» What is being asked: Below are several records. Retype exactly those lines running from the one with "广东财经大学副校长王廷惠教授" through the one with "成都怡倍康養(yǎng)老服", end lines included, and no others.

» Record extracts:
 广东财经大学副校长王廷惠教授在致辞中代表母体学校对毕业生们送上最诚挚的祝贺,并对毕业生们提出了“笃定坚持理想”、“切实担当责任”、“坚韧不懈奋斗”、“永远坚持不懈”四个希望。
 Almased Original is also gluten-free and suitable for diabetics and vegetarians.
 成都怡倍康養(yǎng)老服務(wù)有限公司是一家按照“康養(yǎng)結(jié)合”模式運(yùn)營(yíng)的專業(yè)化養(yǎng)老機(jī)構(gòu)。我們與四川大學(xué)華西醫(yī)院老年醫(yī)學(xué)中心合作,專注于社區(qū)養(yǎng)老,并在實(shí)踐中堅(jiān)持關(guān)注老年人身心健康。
* * *
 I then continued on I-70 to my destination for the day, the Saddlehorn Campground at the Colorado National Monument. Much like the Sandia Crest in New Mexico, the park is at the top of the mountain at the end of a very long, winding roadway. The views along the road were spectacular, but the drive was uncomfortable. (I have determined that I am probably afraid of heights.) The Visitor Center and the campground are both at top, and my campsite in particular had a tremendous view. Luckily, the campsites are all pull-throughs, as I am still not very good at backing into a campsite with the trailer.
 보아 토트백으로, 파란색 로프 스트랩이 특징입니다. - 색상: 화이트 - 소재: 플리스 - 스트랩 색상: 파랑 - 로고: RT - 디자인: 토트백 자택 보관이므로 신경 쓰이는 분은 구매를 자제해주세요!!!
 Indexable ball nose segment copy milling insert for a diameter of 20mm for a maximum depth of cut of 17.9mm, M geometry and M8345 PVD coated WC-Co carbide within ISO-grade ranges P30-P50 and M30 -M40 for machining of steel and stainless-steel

» Result below:
 广东财经大学副校长王廷惠教授在致辞中代表母体学校对毕业生们送上最诚挚的祝贺,并对毕业生们提出了“笃定坚持理想”、“切实担当责任”、“坚韧不懈奋斗”、“永远坚持不懈”四个希望。
 Almased Original is also gluten-free and suitable for diabetics and vegetarians.
 成都怡倍康養(yǎng)老服務(wù)有限公司是一家按照“康養(yǎng)結(jié)合”模式運(yùn)營(yíng)的專業(yè)化養(yǎng)老機(jī)構(gòu)。我們與四川大學(xué)華西醫(yī)院老年醫(yī)學(xué)中心合作,專注于社區(qū)養(yǎng)老,并在實(shí)踐中堅(jiān)持關(guān)注老年人身心健康。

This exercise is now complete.